*** PROVIDED ENTRIES Section Begins ***

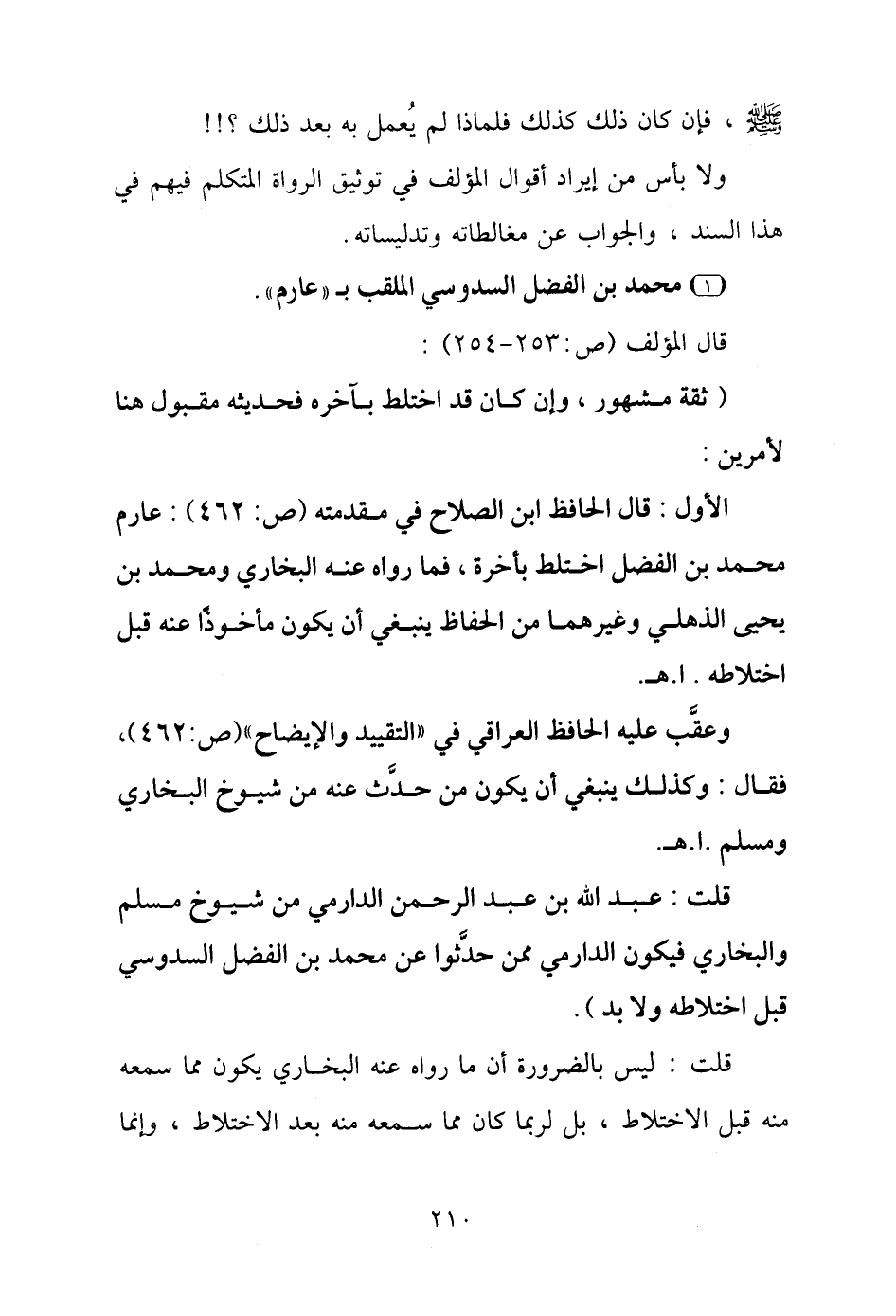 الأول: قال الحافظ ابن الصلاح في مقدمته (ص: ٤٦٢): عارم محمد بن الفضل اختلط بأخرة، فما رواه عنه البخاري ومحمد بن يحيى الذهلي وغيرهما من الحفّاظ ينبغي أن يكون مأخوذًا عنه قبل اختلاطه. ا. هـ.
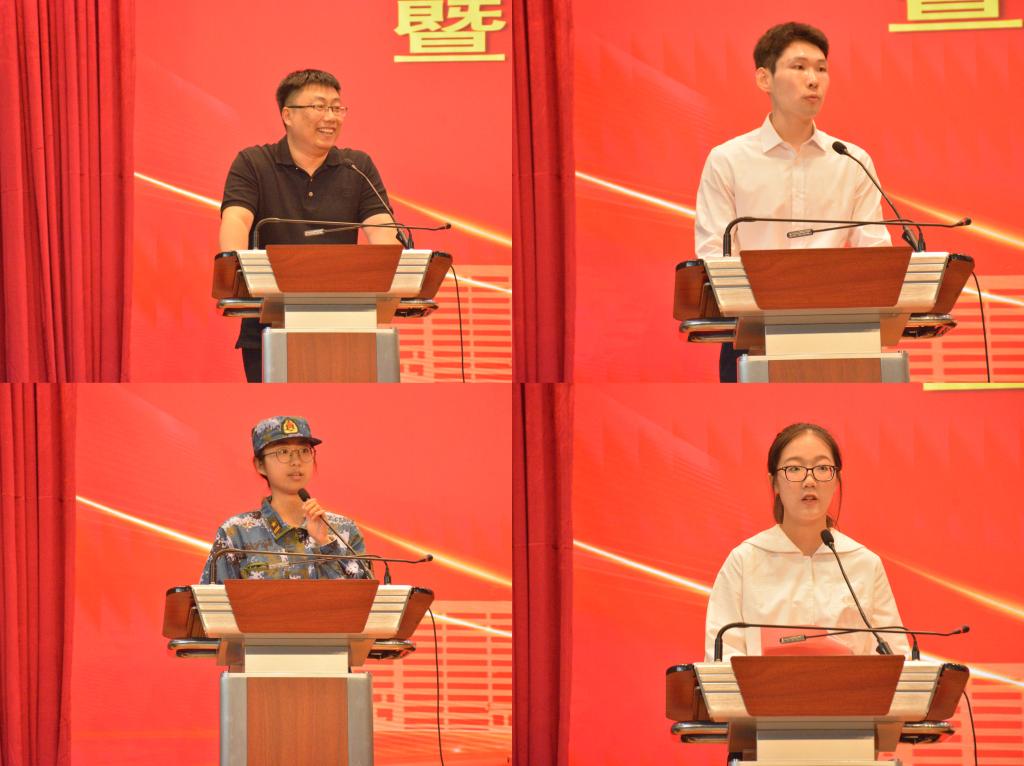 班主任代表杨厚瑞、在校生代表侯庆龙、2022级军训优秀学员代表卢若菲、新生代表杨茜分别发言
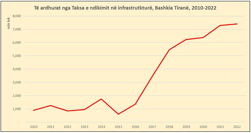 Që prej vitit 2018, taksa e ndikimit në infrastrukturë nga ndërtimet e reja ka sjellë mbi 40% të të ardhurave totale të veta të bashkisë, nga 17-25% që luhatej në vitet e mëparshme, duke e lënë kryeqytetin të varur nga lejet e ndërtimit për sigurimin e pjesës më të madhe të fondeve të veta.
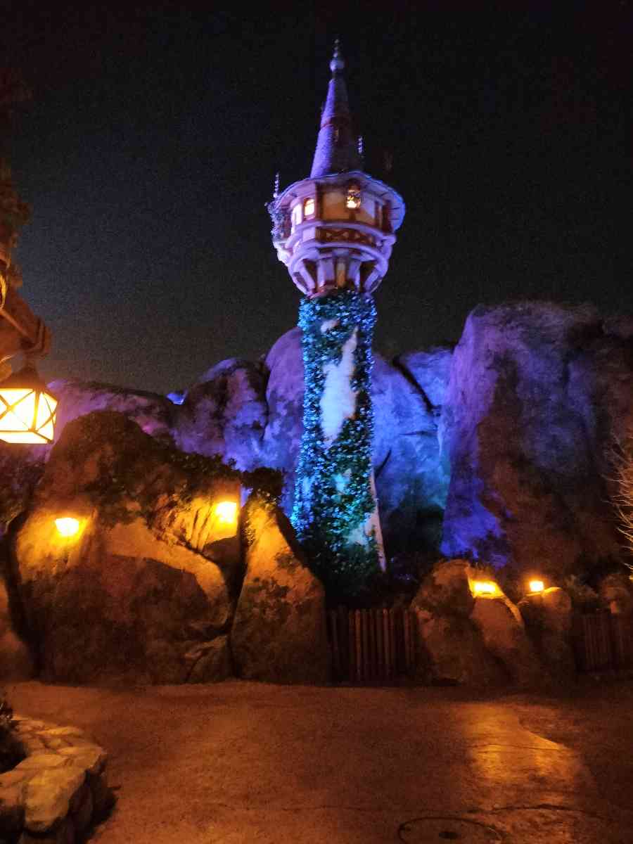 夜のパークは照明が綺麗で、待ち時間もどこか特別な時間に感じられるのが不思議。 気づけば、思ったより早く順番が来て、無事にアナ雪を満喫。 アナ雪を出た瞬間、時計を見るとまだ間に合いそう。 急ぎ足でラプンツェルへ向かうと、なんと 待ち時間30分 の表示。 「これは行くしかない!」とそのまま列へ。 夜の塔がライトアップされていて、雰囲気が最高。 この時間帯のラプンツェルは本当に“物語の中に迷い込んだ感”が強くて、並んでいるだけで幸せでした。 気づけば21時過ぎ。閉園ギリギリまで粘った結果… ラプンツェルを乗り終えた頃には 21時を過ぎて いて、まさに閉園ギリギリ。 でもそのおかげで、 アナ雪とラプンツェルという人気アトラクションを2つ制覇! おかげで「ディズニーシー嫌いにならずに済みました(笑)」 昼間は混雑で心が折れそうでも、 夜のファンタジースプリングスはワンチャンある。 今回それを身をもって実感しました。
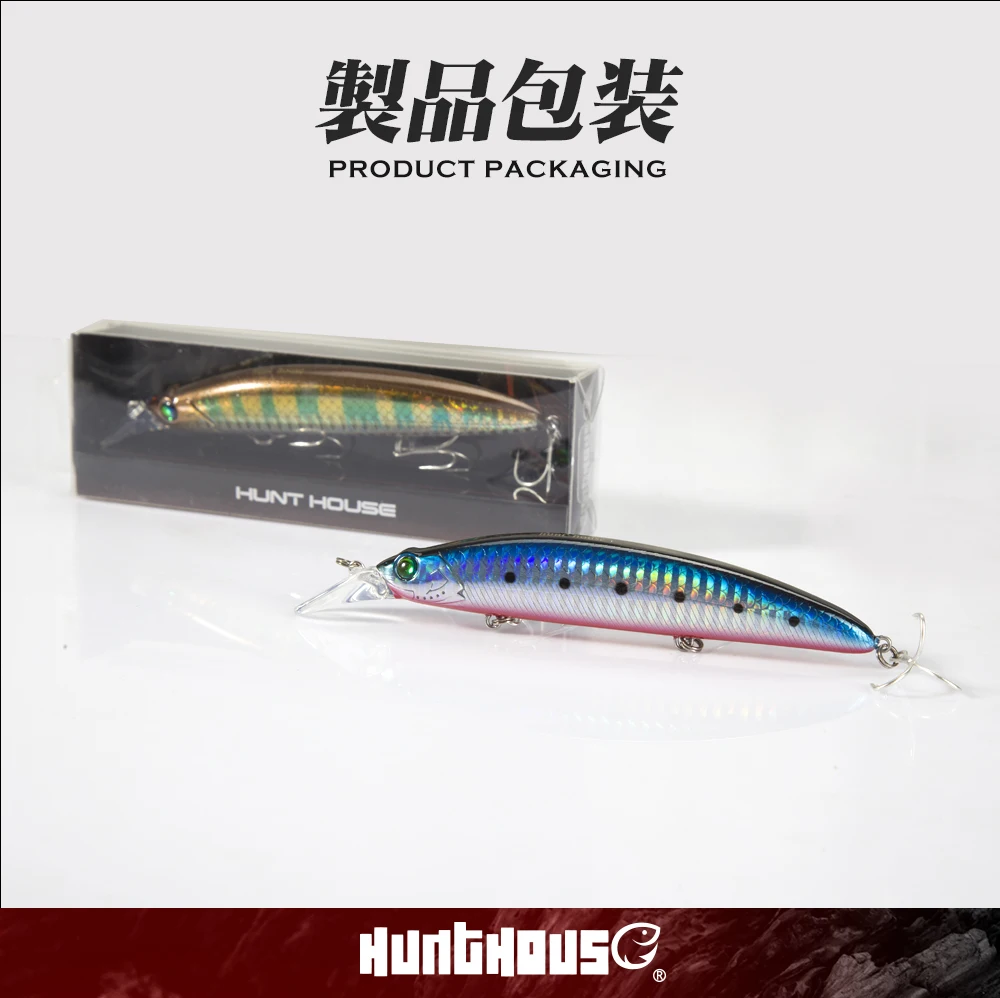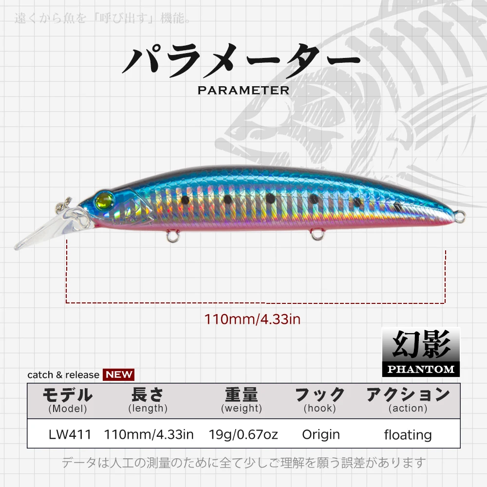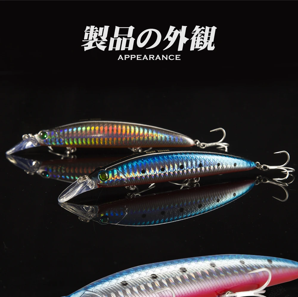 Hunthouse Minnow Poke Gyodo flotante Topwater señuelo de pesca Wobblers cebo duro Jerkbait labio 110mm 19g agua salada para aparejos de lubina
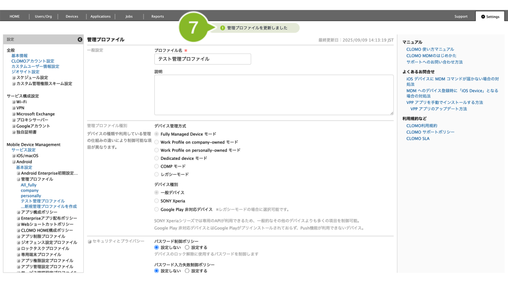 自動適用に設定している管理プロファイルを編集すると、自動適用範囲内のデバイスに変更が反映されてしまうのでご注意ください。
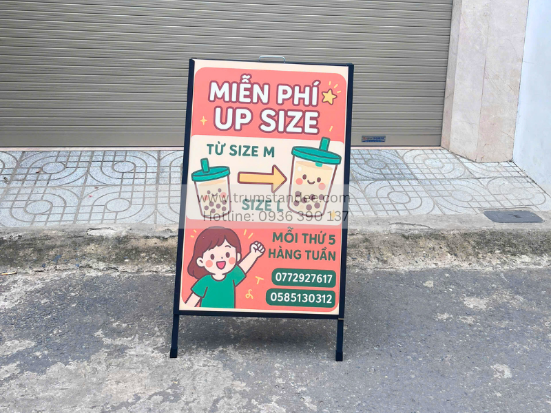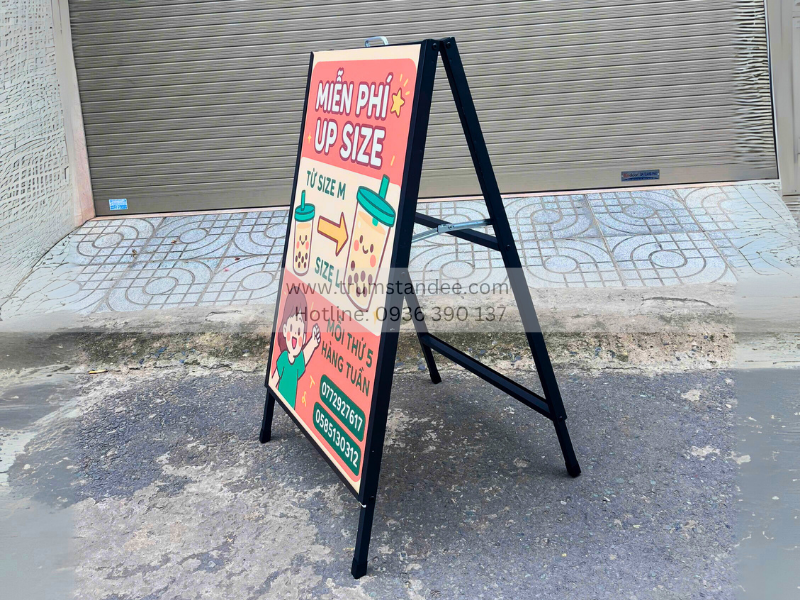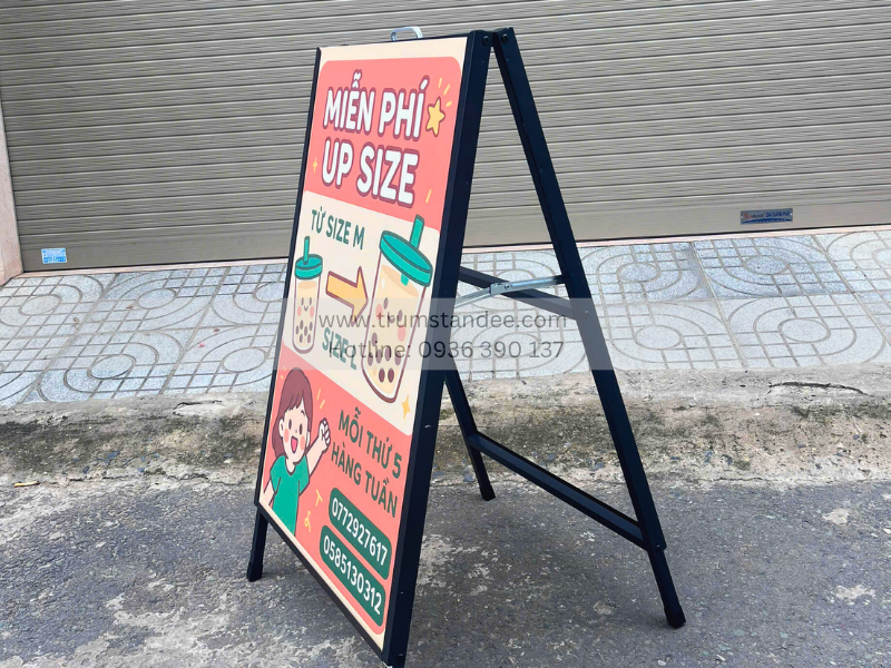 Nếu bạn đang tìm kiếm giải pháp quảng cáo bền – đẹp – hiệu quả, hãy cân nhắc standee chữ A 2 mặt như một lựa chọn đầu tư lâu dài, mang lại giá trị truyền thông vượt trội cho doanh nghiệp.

*** PROVIDED ENTRIES Section Ends ***

Reproduce each record above by retyping it exactly; omit all images.

 الأول: قال الحافظ ابن الصلاح في مقدمته (ص: ٤٦٢): عارم محمد بن الفضل اختلط بأخرة، فما رواه عنه البخاري ومحمد بن يحيى الذهلي وغيرهما من الحفّاظ ينبغي أن يكون مأخوذًا عنه قبل اختلاطه. ا. هـ.
 班主任代表杨厚瑞、在校生代表侯庆龙、2022级军训优秀学员代表卢若菲、新生代表杨茜分别发言
 Që prej vitit 2018, taksa e ndikimit në infrastrukturë nga ndërtimet e reja ka sjellë mbi 40% të të ardhurave totale të veta të bashkisë, nga 17-25% që luhatej në vitet e mëparshme, duke e lënë kryeqytetin të varur nga lejet e ndërtimit për sigurimin e pjesës më të madhe të fondeve të veta.
 夜のパークは照明が綺麗で、待ち時間もどこか特別な時間に感じられるのが不思議。 気づけば、思ったより早く順番が来て、無事にアナ雪を満喫。 アナ雪を出た瞬間、時計を見るとまだ間に合いそう。 急ぎ足でラプンツェルへ向かうと、なんと 待ち時間30分 の表示。 「これは行くしかない!」とそのまま列へ。 夜の塔がライトアップされていて、雰囲気が最高。 この時間帯のラプンツェルは本当に“物語の中に迷い込んだ感”が強くて、並んでいるだけで幸せでした。 気づけば21時過ぎ。閉園ギリギリまで粘った結果… ラプンツェルを乗り終えた頃には 21時を過ぎて いて、まさに閉園ギリギリ。 でもそのおかげで、 アナ雪とラプンツェルという人気アトラクションを2つ制覇! おかげで「ディズニーシー嫌いにならずに済みました(笑)」 昼間は混雑で心が折れそうでも、 夜のファンタジースプリングスはワンチャンある。 今回それを身をもって実感しました。
 Hunthouse Minnow Poke Gyodo flotante Topwater señuelo de pesca Wobblers cebo duro Jerkbait labio 110mm 19g agua salada para aparejos de lubina
 自動適用に設定している管理プロファイルを編集すると、自動適用範囲内のデバイスに変更が反映されてしまうのでご注意ください。
 Nếu bạn đang tìm kiếm giải pháp quảng cáo bền – đẹp – hiệu quả, hãy cân nhắc standee chữ A 2 mặt như một lựa chọn đầu tư lâu dài, mang lại giá trị truyền thông vượt trội cho doanh nghiệp.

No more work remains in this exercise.